INFORMATION PROVIDED →
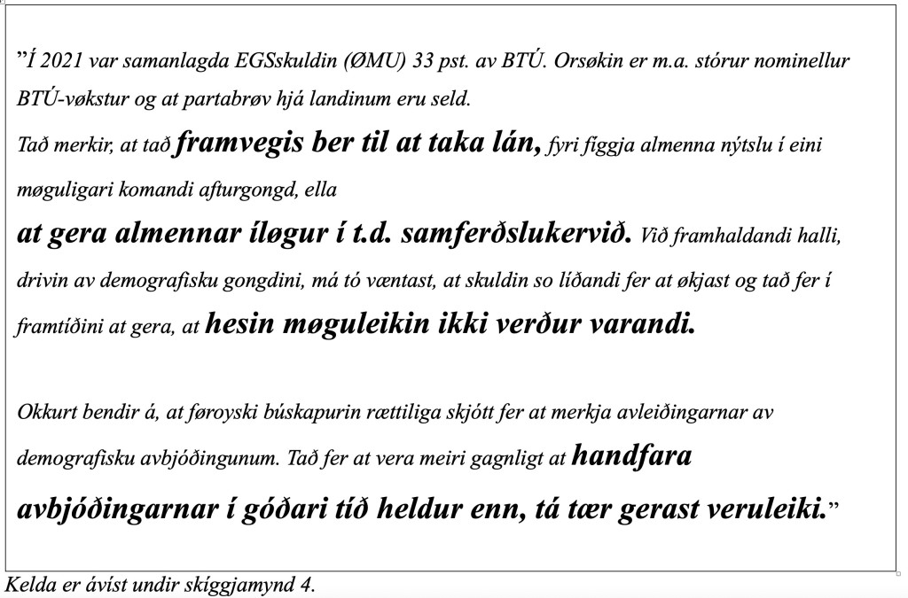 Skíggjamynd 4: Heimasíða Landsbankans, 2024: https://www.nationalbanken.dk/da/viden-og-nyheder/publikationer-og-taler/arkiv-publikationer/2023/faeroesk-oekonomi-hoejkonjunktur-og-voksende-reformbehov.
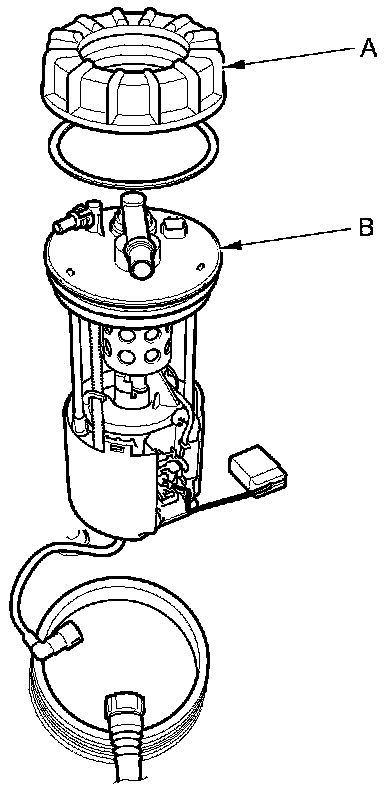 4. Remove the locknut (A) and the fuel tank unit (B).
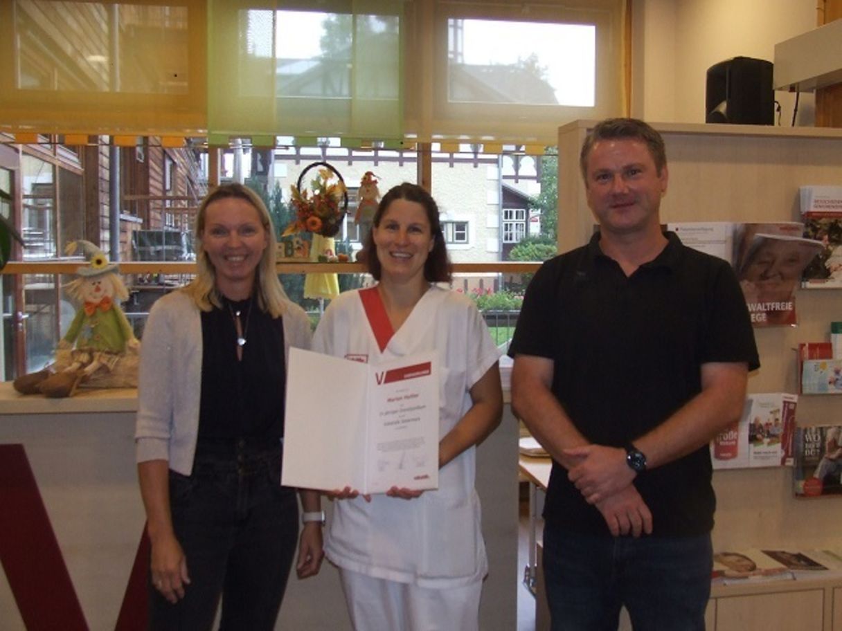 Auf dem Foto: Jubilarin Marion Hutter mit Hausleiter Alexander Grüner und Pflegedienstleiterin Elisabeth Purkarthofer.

ASSIGNMENT → Please give all of the material again, exactly, without the images.

RESULT FOR THIS EXERCISE →
 Skíggjamynd 4: Heimasíða Landsbankans, 2024: https://www.nationalbanken.dk/da/viden-og-nyheder/publikationer-og-taler/arkiv-publikationer/2023/faeroesk-oekonomi-hoejkonjunktur-og-voksende-reformbehov.
 4. Remove the locknut (A) and the fuel tank unit (B).
 Auf dem Foto: Jubilarin Marion Hutter mit Hausleiter Alexander Grüner und Pflegedienstleiterin Elisabeth Purkarthofer.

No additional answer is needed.